> _What this task involves_
Range to repeat from the listing below: the line containing "最近浏览b站,偶然发现一个有" down to the line containing "الفتيات الصيف الفرنسية", both included. Copy it exactly, pictures excluded, and add nothing else.
== Given data ==
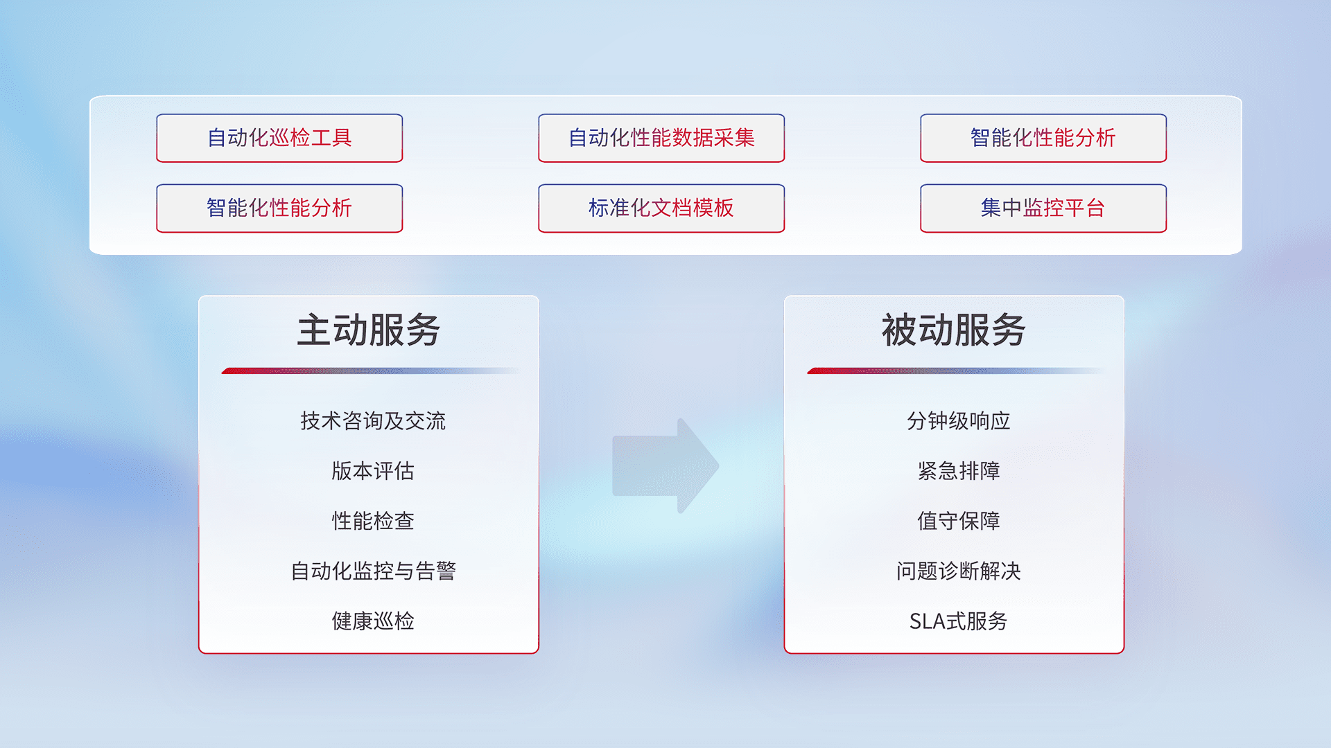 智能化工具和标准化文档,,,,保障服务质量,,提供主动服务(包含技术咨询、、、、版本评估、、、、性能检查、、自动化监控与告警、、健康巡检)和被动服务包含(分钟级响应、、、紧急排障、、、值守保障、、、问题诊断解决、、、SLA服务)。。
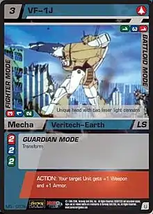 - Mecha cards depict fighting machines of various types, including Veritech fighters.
===
== Given data ==
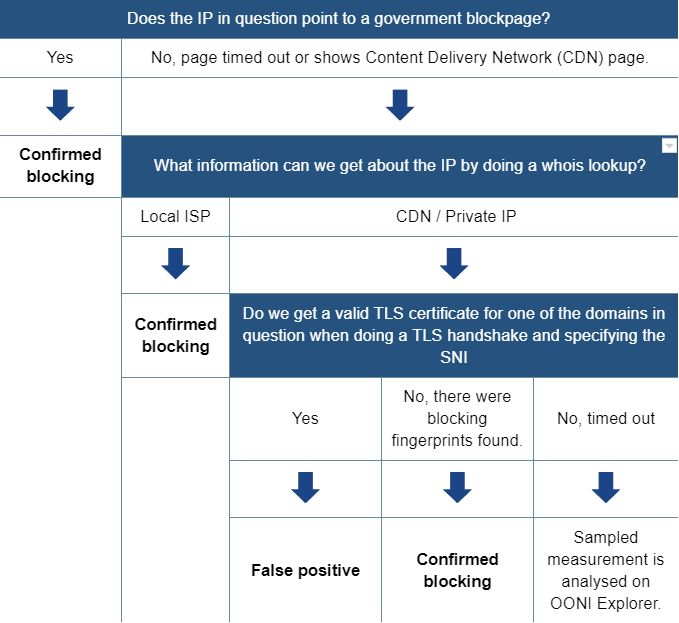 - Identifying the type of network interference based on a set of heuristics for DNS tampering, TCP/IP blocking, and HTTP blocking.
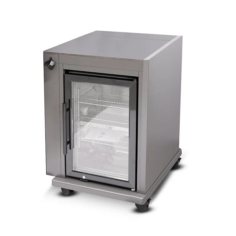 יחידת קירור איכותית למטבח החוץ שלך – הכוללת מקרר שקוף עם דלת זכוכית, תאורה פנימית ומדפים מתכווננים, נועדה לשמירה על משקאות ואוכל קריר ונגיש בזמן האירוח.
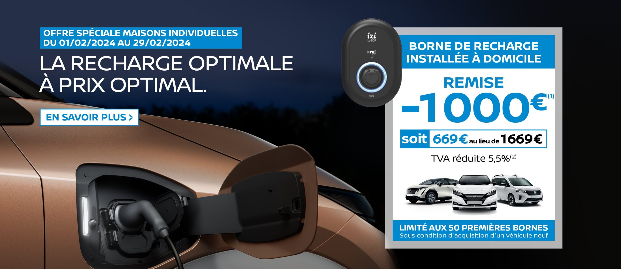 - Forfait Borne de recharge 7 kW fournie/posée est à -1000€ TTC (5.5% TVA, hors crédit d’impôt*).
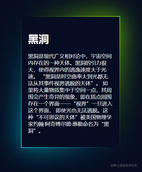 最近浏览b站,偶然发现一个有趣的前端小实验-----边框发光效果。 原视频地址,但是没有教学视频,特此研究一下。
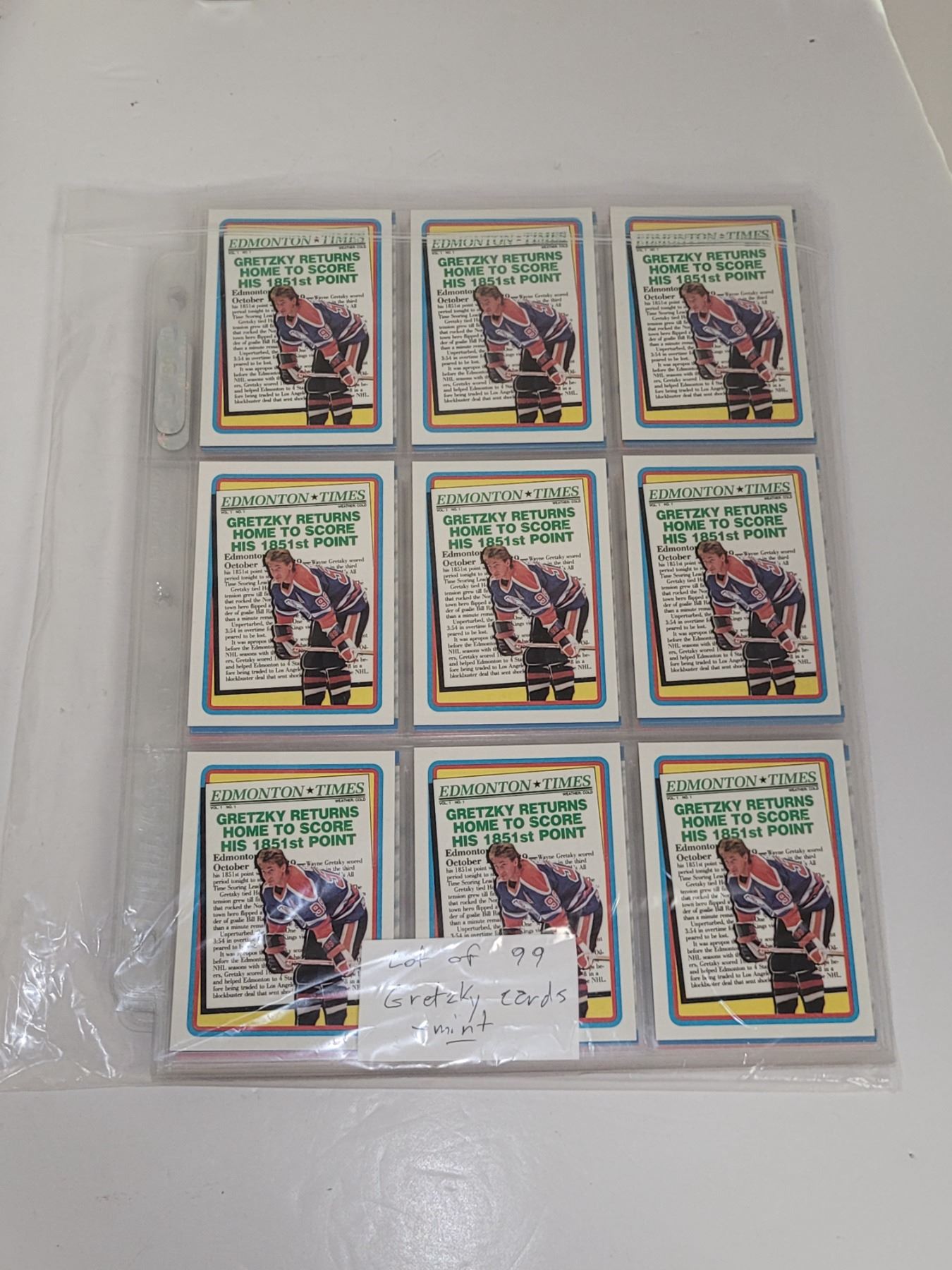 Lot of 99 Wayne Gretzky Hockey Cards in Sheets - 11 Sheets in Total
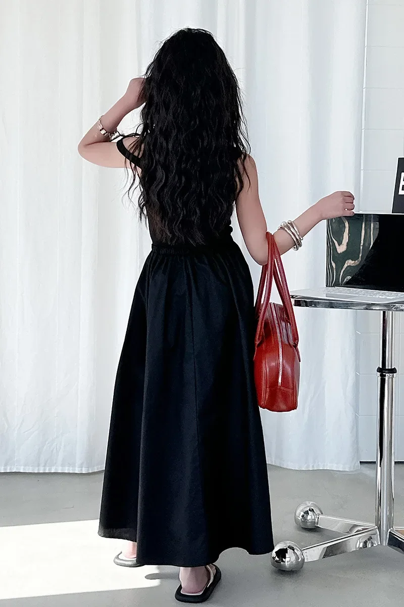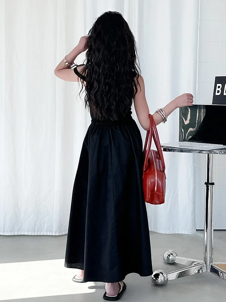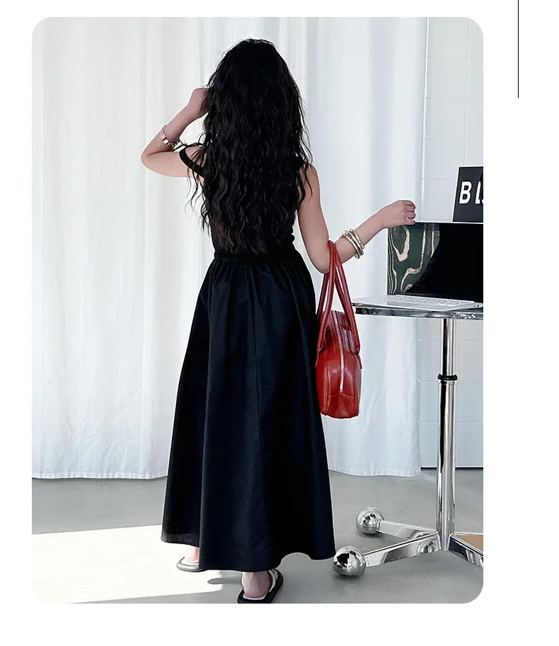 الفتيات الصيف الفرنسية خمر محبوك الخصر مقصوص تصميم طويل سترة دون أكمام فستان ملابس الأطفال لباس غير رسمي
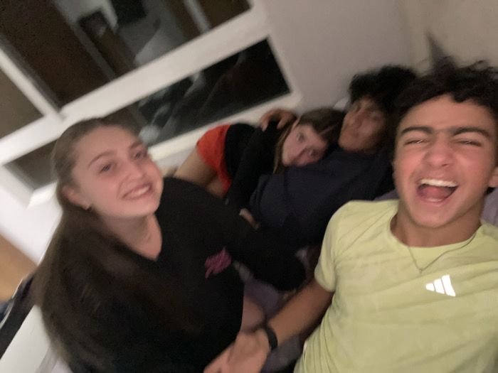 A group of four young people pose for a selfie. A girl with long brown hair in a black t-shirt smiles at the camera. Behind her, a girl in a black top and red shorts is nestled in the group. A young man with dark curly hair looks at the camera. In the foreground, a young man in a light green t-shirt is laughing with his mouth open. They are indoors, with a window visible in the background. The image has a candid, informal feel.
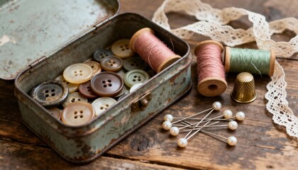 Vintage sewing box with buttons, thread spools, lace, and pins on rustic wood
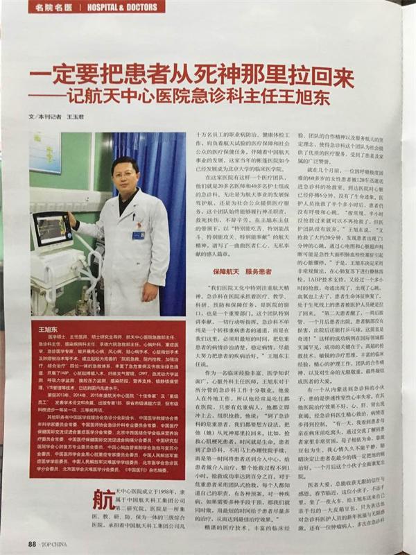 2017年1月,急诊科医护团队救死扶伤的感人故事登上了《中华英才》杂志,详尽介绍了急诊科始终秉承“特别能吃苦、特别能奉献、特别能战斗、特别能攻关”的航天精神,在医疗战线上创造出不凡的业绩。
===
> _Solution to the problem_
 最近浏览b站,偶然发现一个有趣的前端小实验-----边框发光效果。 原视频地址,但是没有教学视频,特此研究一下。
 Lot of 99 Wayne Gretzky Hockey Cards in Sheets - 11 Sheets in Total
 الفتيات الصيف الفرنسية خمر محبوك الخصر مقصوص تصميم طويل سترة دون أكمام فستان ملابس الأطفال لباس غير رسمي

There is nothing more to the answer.